After three years of designing content for Internet companies, Mattei wanted to portray how during an economic boom he saw New Yorkers around him frustrated in their relationships. Many of the film’s characters are based on people he knew, like an angry, ex-cop landlord or jaded art-world friends. Mattei lifted the structure for his script from the 1896 Arthur Schnitzler play “Reigen,” which has been adapted frequently in works such as Max Ophuls’ 1950 film “La Ronde” and David Hare’s recent play “The Blue Room.”

“Love in the Time of Money” opens with a scene between a prostitute and her john (as “Reigen” does), then follows the john as he works as a contractor for an undersexed, wealthy housewife -- and then follows the housewife with her aloof husband and so on, up and down through social classes until arriving, full circle, with the prostitute from the first scene.

“I wasn’t interested in it just being about sex,” Mattei says. “I was more interested in it being about desire and loneliness and how we affect each other in really subtle ways.”

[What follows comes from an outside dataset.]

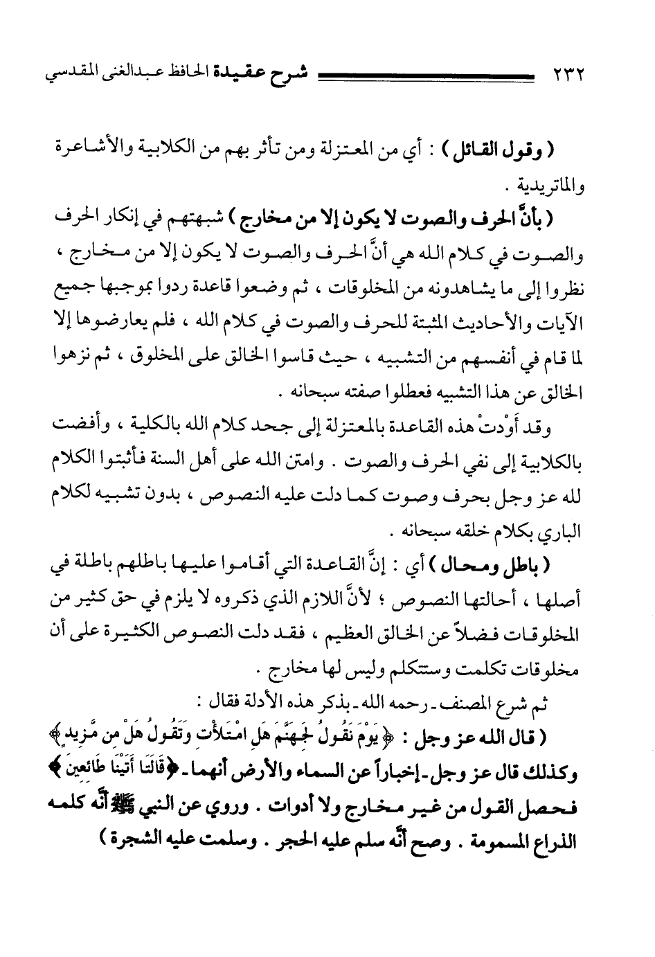 " بأنَّ الحرف والصوت لا يكون إلا من مخارج " شبهتهم في إنكار الحرف والصوت في كلام الله هي أنَّ الحرف والصوت لا يكون إلا من مخارج، نظروا إلى ما يشاهدونه من المخلوقات، ثم وضعوا قاعدة ردوا بموجبها جميع الآيات والأحاديث المثبتة للحرف والصوت في كلام الله، فلم يعارضوها إلا لما قام في أنفسهم من التشبيه، حيث قاسوا الخالق على المخلوق، ثم نزهوا الخالق عن هذا التشبيه فعطلوا صفته سبحانه.

The film itself was affected by an event that was anything but subtle: the terrorist attacks of Sept. 11. “When we did the rough assembly, at the end it just had a sadder feeling than we anticipated that it would, and we spent a lot of time fighting that with pop songs and faster cuts,” Mattei says. “It just really wasn’t working and I thought, ‘Let’s just let the film be what it wants to be.’ ”

When Mattei wrote the script, he intended it to be set in the present. “At the time, we really felt like these times were going to go on forever,” he says.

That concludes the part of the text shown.